German naturalist poet and dramatist

Arno Hermann Oscar Alfred Holz (26 April 1863 – October 1929) was a German naturalist poet and dramatist. He is best known for his poetry collection Phantasus (1898). He was nominated for a Nobel prize in literature nine times.

==Life and Works==
Holz was born in Rastenburg, East Prussia (now Kętrzyn, Poland), the son of pharmacist Hermann Holz and Franziska née Werner. The family moved to Berlin in 1875. After his schooling, Holz worked in 1881 as a journalist but chose a living as a freelance writer. He was beset with financial difficulties for much of his life. He established contacts with the Berlin naturalist club Durch where he met famed writer Gerhart Hauptmann. In 1885 his poetry collection, Buch der Zeit (book of time) won the Schiller Prize. Around this time, Holz was fascinated by Darwinism.

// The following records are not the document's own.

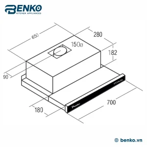 Máy hút mùi Prato PT-330H1 thuộc dòng Slim (mỏng) lắp âm tủ với kích thước 700mm (70cm) tiêu chuẩn.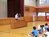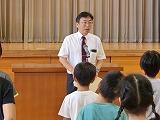2学期始業式の後に、健康委員会を中心にプール納めを行いました。代表児童が、今年水泳でがんばったことを発表し、学校長からは、今年の成果を生かして、来年の水泳学習もがんばっていこうというお話がありました。最後に全員でプールのほうを向いてお礼を言いました。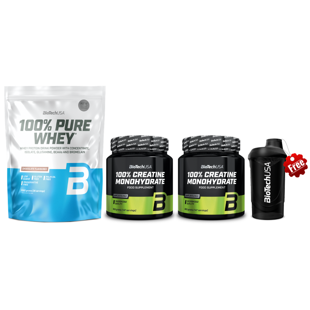 Biotech USA Set (100% Pure Whey Chocolate 1kg & Micronized Creatine 2x300g & Δώρο Shaker Wave Black 600ml)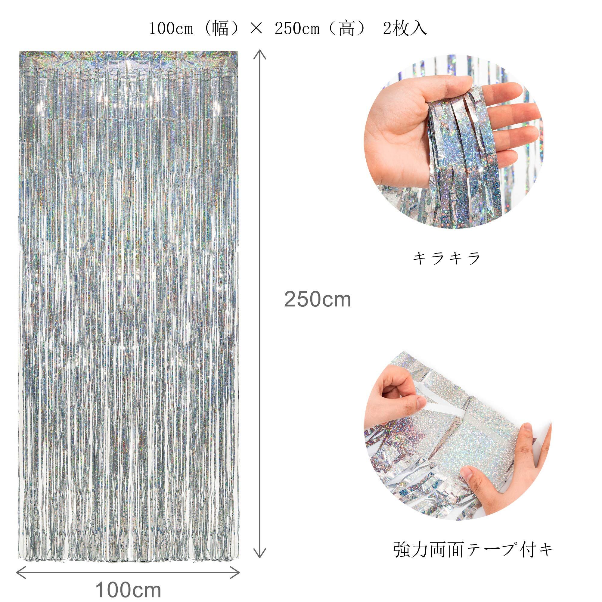 【新着】2個セット BRAVESHINE タッセルカーテン キラキラ 背景 明るい光沢 誕生日 クリスマス 飾り付け 100cm*250cm 誕生日 飾り カーテン birthday decorations パーティー デコレーション party decoration (銀色) | GIGATERA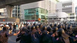 ตำรวจ 9 นายบาดเจ็บ เหตุชุลมุนหน้าสถานทูตเมียนมา 2 นายต้องแอดมิท เยื่อแก้วหูฉีกขาด ใต้เข่าขวาฉีก แผลเปิด!!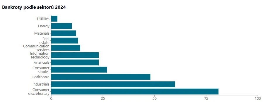 Consumer discretionary (spotřební zboží) vede žebříček s 81 bankroty, což naznačuje významné problémy v sektoru volnočasového zboží a služeb. Následují průmyslové podniky (60 bankrotů) a zdravotnictví (48 bankrotů).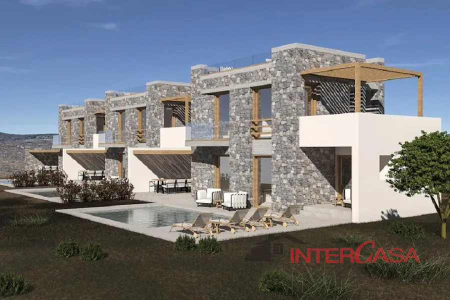 3 Villas For Sale in Plaka Naxos, 115 sq.m. each, plot 500 sq.m. each, 3 bedrooms, 3 bathrooms, Fully Equipped Kitchen, WC, private parking, Balcony, Roof Garden with sunset view, Outdoor dining and lounge area, Swimming pool, Garden Villa A: 580.000€ Villa B: 570.000€ Villa C: 580.000€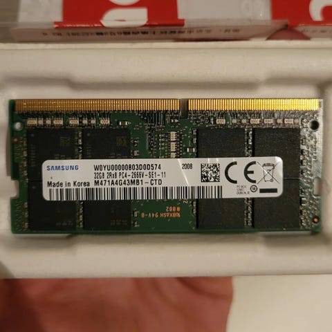Samsung RAM-modul 4GB for datamaskin. Modul i SO-DIMM-format, egnet for bruk i kompatible bærbare PC-er eller andre enheter som støtter denne typen minne. Passer som oppgradering eller erstatning der tilsvarende Samsung-minne brukes.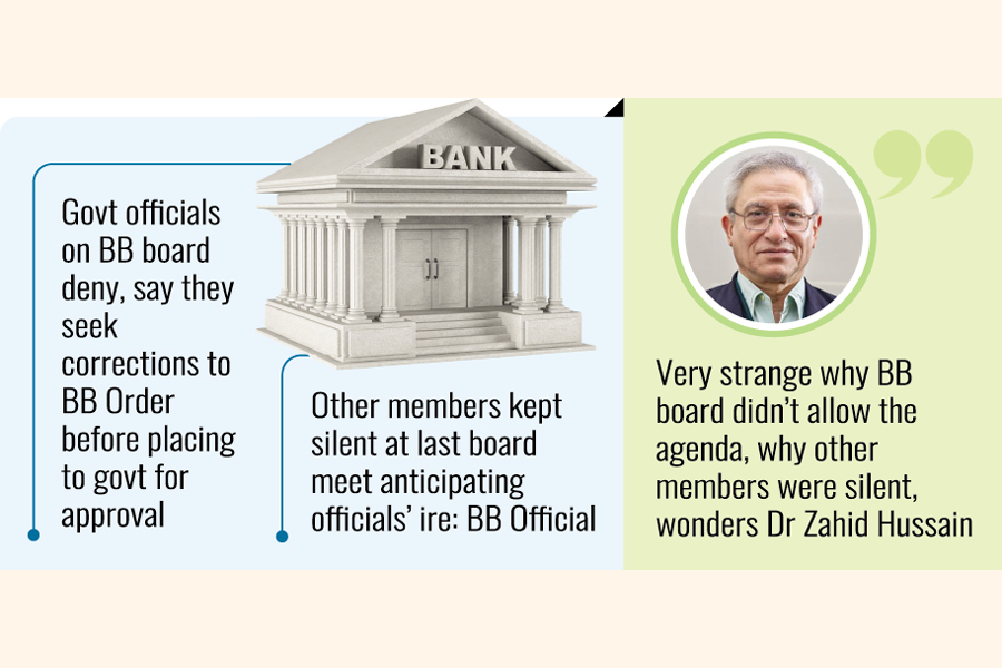 Dr Zahid Hussain, former lead economist of World Bank's Dhaka office, says amendment of the BB order is not something the board did not know. "I don't understand why the BB board did not allow presentation of the matter and why the other members were silent."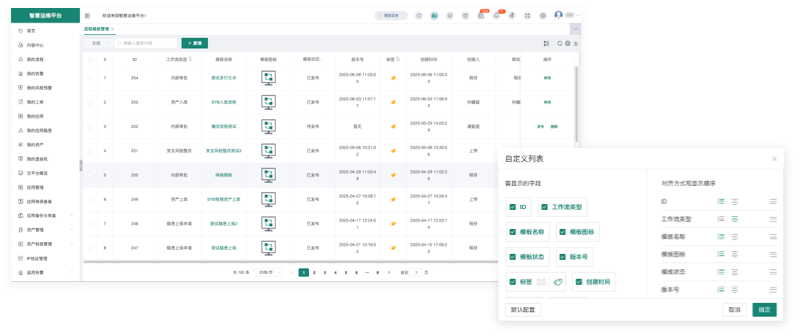 记录流程模板的具体信息包括ID、工作流类型、模板名称、模板图标、模板状态、版本号、创建时间等信息,支持自定义显示字段,支持增删改查流程模板。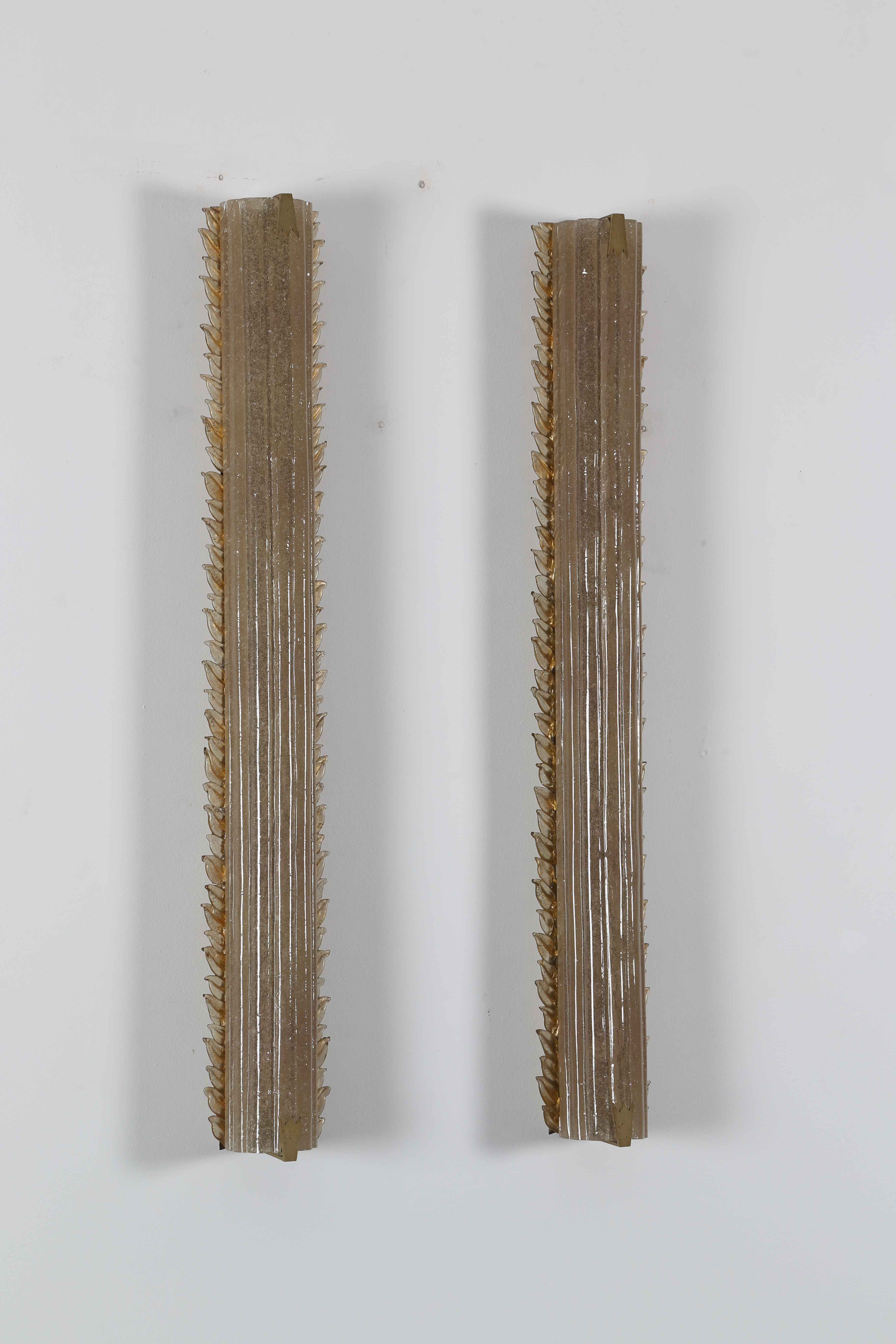 BAROVIER ERCOLE (1889 - 1974) Coppia di Grandi appliques in vetro pulegoso e costolato dorato. Vetro. Cm 112,00 x 82,00 x 8,50. Anni '30/'40.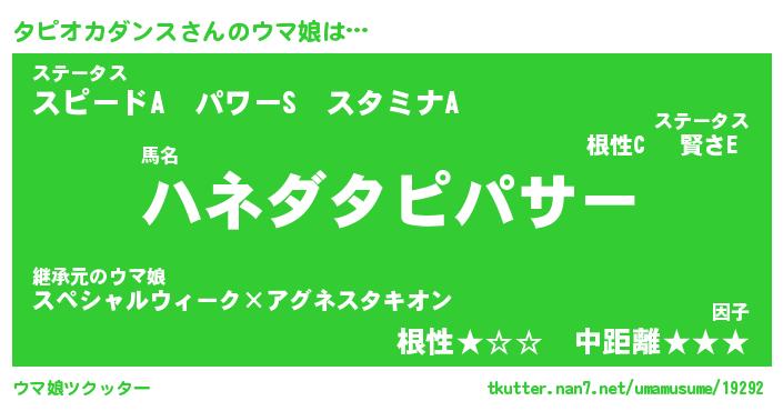 | ポケモン風あだ名 | 『タピチュウ』『タピオダネ』 |

From 1888 onward Holz lived and worked together with translator and writer Johannes Schlaf. Together they developed a theory of "consistent naturalism" in their programmatic text, Art: its Nature and its Laws, wherein they aimed to provide art an exact description and incorporated colloquial elements. They tried, in their description, to eliminate subjectivity from art, to the extent it was scientifically possible, summarized in Holz's formula,

Art = Nature − x

where x is the materials needed to produce art. Ideally, art is to be as close to nature as possible, and it is the artist's responsibility to minimize x in this formula. Holz and Schlaf attempted to apply the theoretical postulate of "consistent naturalism" in their joint works, Papa Hamlet and Die Familie Selicke, plays published under the pseudonym Bjarne P. Holmsen (premiered 1890 in Berlin and Madeburg). The demand that art should be an accurate reproduction of reality lead to new experimental modes of expression – for example, the "second by second style" (Sekundenstil) in which social deprivation is described in exact minute detail in real time. Reception of Papa Hamlet was quite varied. Most critics deplored it, but others, including Theodor Fontane, found it contained high artistic value.

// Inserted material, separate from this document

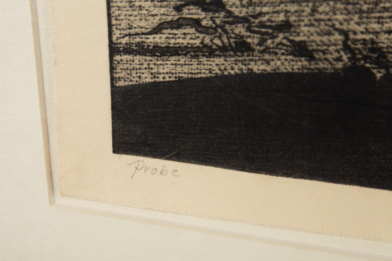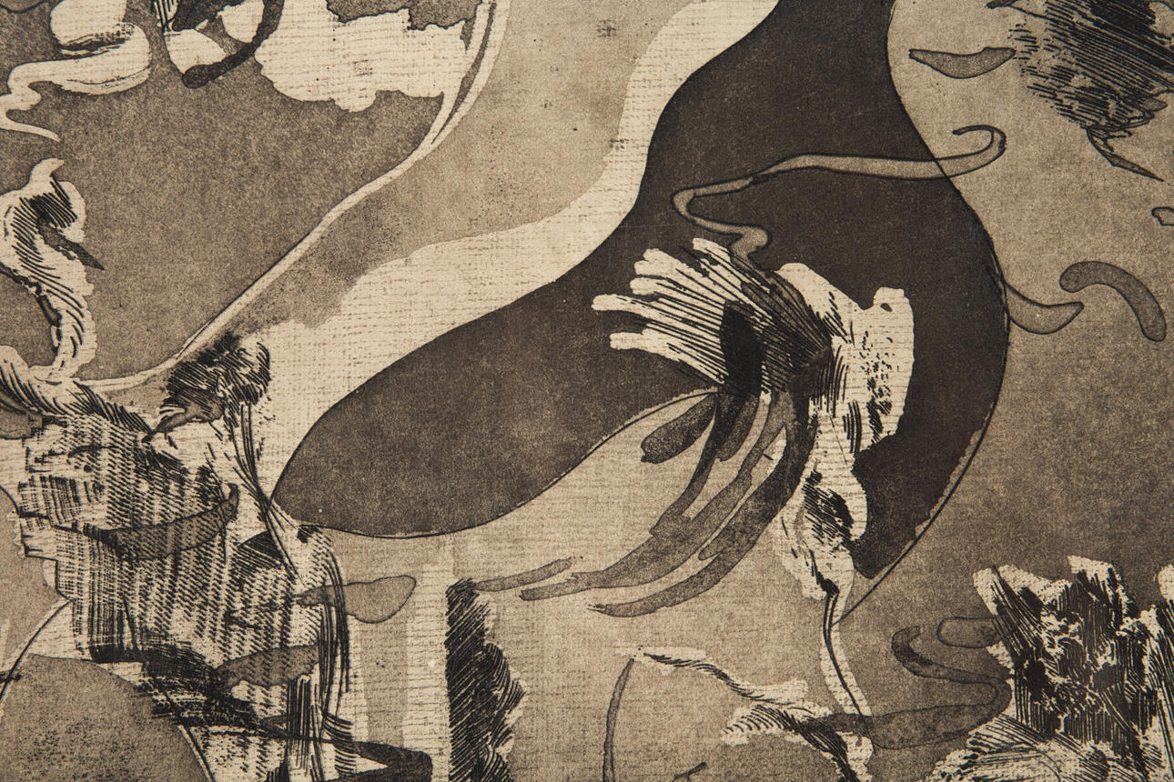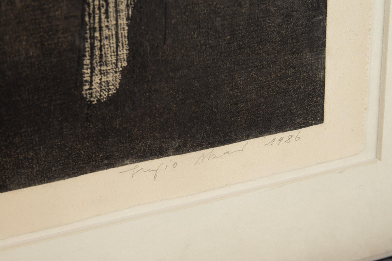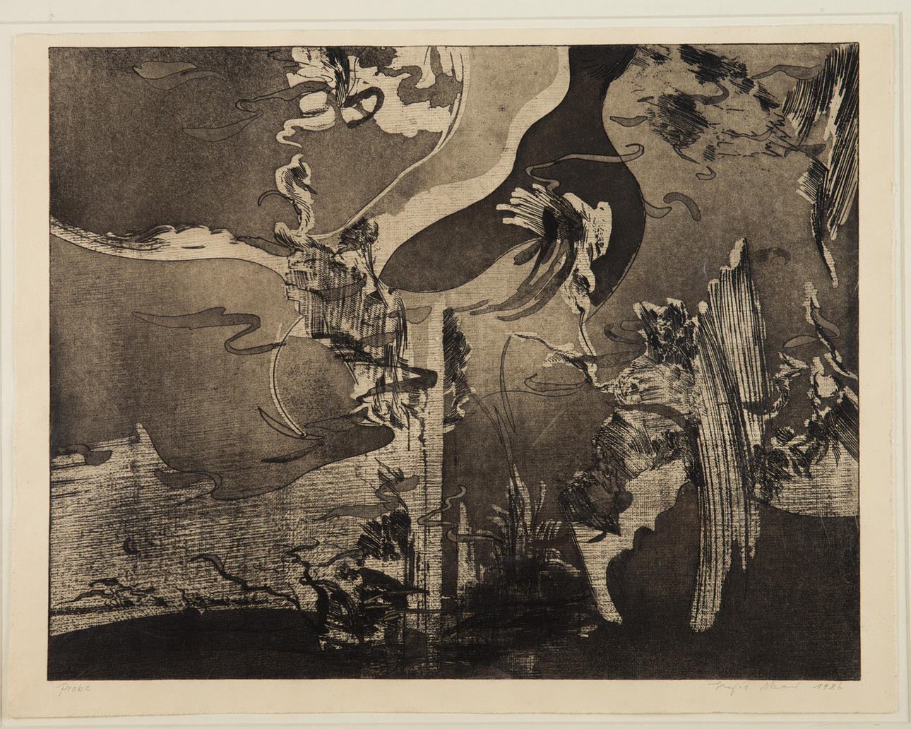 Fujio Akai (b. 1945 in Pandang), etching, abstract composition, 1986. Abstract composition in gray and black, signed and dated lower right, inscribed as sample lower left, 48.5x37cm (66.5x47.5cm).

Schlaf and Holz quarreled over revenue from the two plays, which was relatively modest, causing a break in their relations. Holz claimed he could have done more and had contributed more artistically to both works. Holz went on to experiment with unrhymed styles breaking traditional rules of form. He claimed works should be determined by "inner rhythm" and free from regular rhyme and versification. He laid down these principles in his writing, Revolution in Poetry (1899).

In 1893 he married Emilie Wittenberg with whom he had three sons.

In 1896 Holz commenced work on a dramatic cycle, Berlin inspired by Zola's series of novels, Rougon-Macquart. His work, Change in Dramatic Time, originally drawn from twenty five separate pieces, remains unfinished in three works: the comedy Socialaristokraten ("Social Aristocrats," 1896) and the tragedies Eclipse (1908) and Ignorabimus (1913). These late dramas failed with contemporary theater audiences; the book editions, in spite of numerous revisions, found few buyers.

In 1898 Holz published his masterpiece, the poetry volume Phantasus, a work in which he displayed his linguistic virtuosity. The work describes the milieu of slighted hungry poets of Holz's own Wedding neighborhood in Berlin. Holz had worked on the poems throughout his creative life, often amending, casting aside, and revisiting his varied texts. A typographical feature of the poetry is that all the lines are centered on an axis giving both a right and left ragged edge (common in the modern day of computers but rare at the time). For example, the following (practically untranslatable) passage about St. George's Church in Rastenburg, from "Childhood paradise"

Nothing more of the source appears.